The microorganisms in the ruminant stomach also synthesise all of the B vitamins, vitamin C and vitamin K. Vitamin synthesis in the rumen is sufficient for growth and maintenance. Only vitamins E, D and A should be provided in the ruminant diet. Under normal conditions, ruminants will not require B vitamins added in the diet. Cobalt is needed for vitamin B12 synthesis and so cobalt should be provided in the diet or vitamin B12 injected directly into the bloodstream. In stress conditions, vitamin B3 (Niacin) and vitamin B1 (Thiamine) may also need to be provided in the diet.
The ruminant stomach occupies most of the left hand side of the abdomen. It is a vast structure, holding up to 60 litres in an adult cow. The rumen holds 80%, reticulum 5%, omasum 8% and abomasum 7% in larger ruminants. In smaller ruminants the proportions are slightly different, with the rumen holding 75%, reticulum 8%, omasum 4% and abomasum 13%.

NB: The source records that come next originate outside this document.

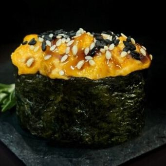 Рис, нори, угорь, сырная шапочка, соус терияки.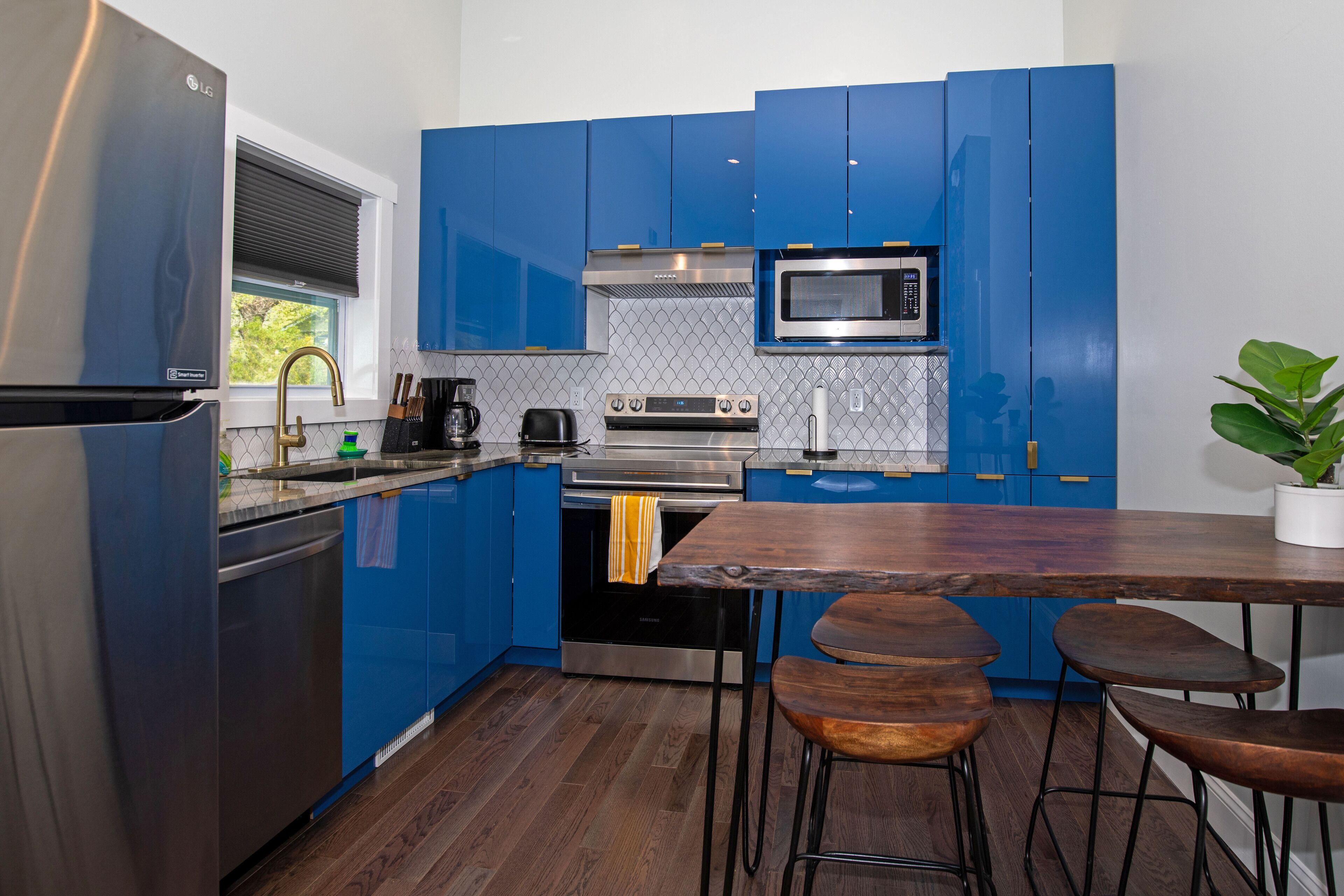 The large kitchen counter area, complete with overhead lighting and bar stools, doubles as a work area—ideal for catching up on emails or enjoying a quiet morning with coffee and your laptop.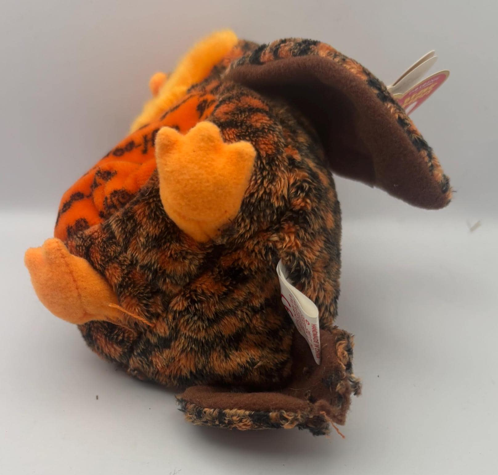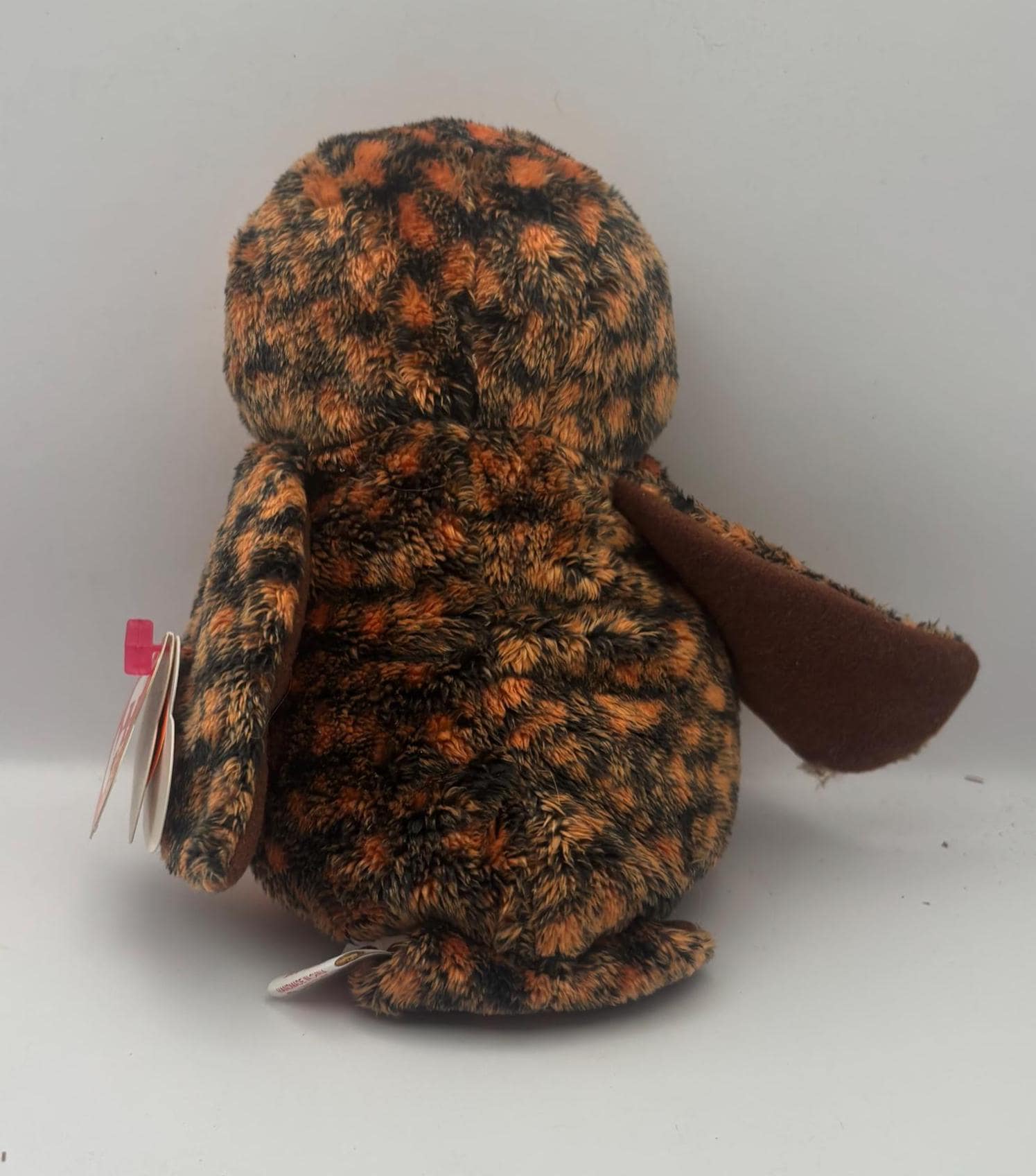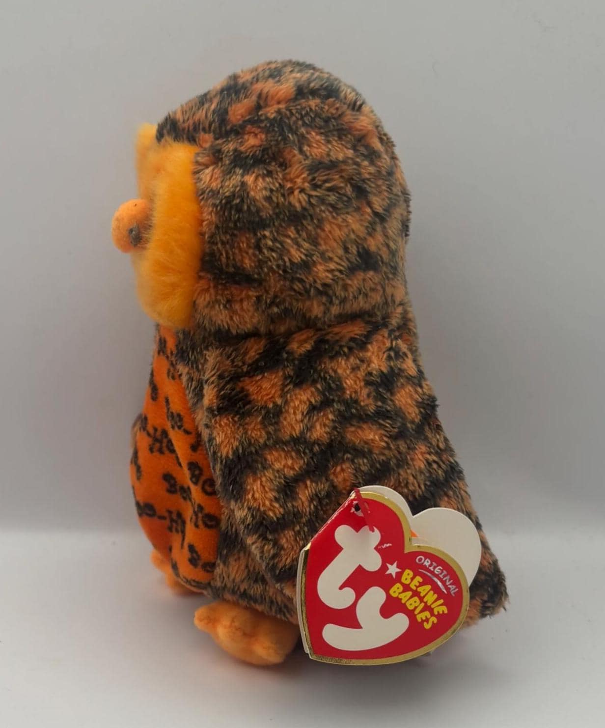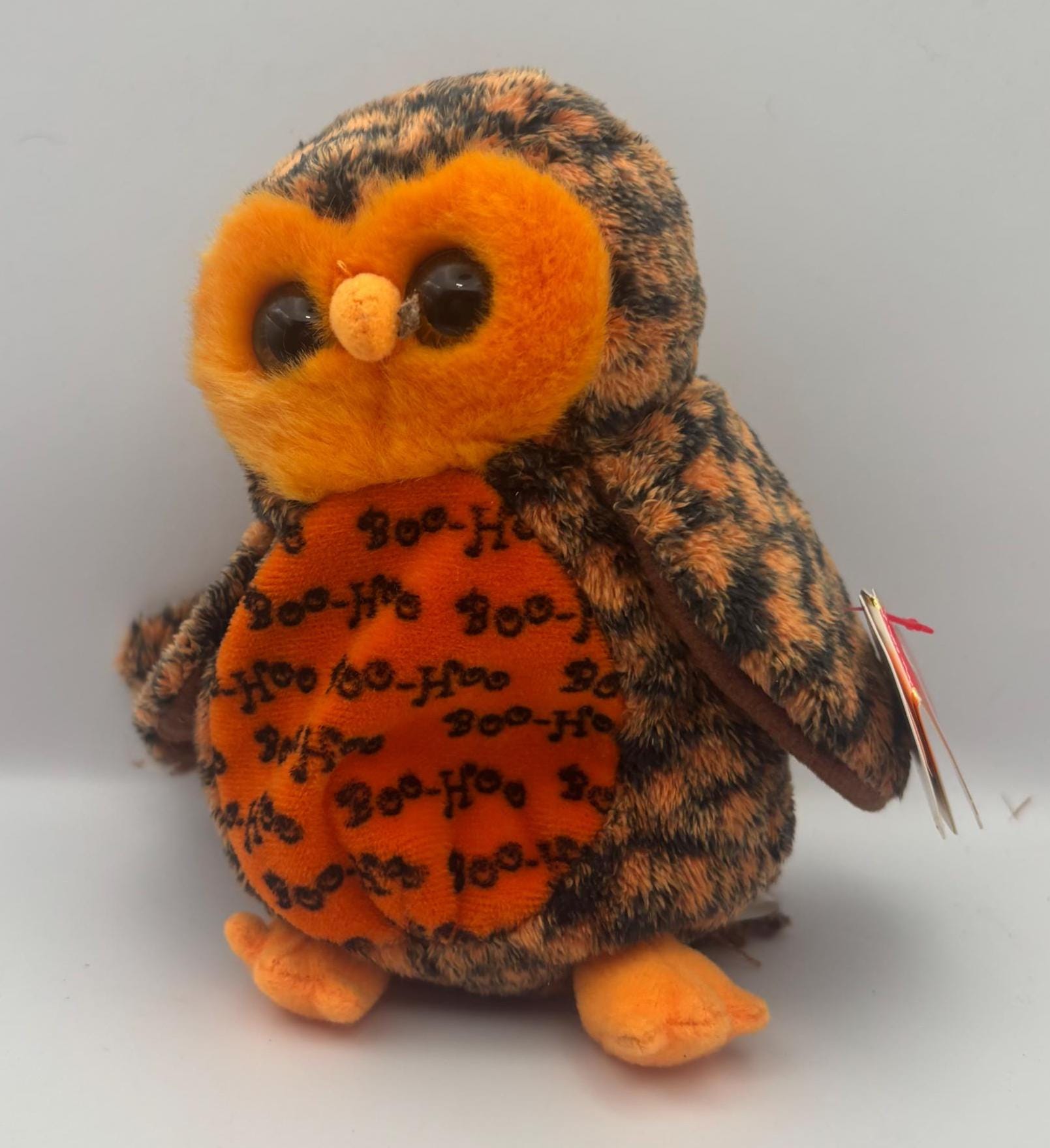 Presenting this Boo Who? The Halloween Owl, Retired Ty Beanie Baby Owl Plush Stuffed Animal. It is a charming collectible plush featuring vibrant orange and brown tones with 'Hoo-Hoo' text on its belly, perfect for any Ty Beanie Baby enthusiast or owl lover. This vintage stuffed animal showcases the classic Ty heart-shaped tag, a must-have for collectors interested in 90s nostalgia and whimsical designs.

The different compartments of the ruminant stomach develop from the foregut spindle in foetal life. During embryogenesis and after birth the abomasum is the largest of the compartments (over half of the weight and capacity of the four stomachs) due to the oesophageal groove directing milk from the oesophagus to the abomasum, bypassing the rumen, reticulum and omasum.
Physiology
In most animals, after swallowing, food leaves the oesophagus and enters the stomach. In ruminants, food enters the abomasum after fermentation in the forestomach. The stomach acts as a reservoir in which a semi-solid mass (chyme) is formed from the ingested food before passing into the duodenum. With the exception of water, little absorption occurs in the stomach. Gastric juice is highly acidic, and contains: HCl, produced by the parietal cells, which maintains gastric pH at 2 which denaturing protein. It also contains pepsin, derived from pepsinogen, produced by zymogen cells. The action of HCl facilitates this. Surface epithelial cells and mucous neck cells produce mucus which forms an alkaline sheet over the epithelial surface. This provides protection from the gastric juice. The cells of the mucosa are renewed at different rates. This is an important consideration in the pathogenesis of certain gastric diseases. Surface epithelial cells and mucous neck cells are replaced about every 3 days. Parietal cells and zymogen cells are produced at a slower rate; the parietal cells have a half-life of 23 days.
Defense Mechanisms
Secretions
Mucus (inhibits contact with mucosa, protects surface), acid (parietal cells) and digestive enzymes (pepsin from gastric chief cells) are all secreted by the ruminant stomach.
Epithelium
Provides a barrier. It is a stratified squamous epithelium; multilayered, with a high cell turnover.
Movement
Continuous movement discourages persistence of insult at the mucosa.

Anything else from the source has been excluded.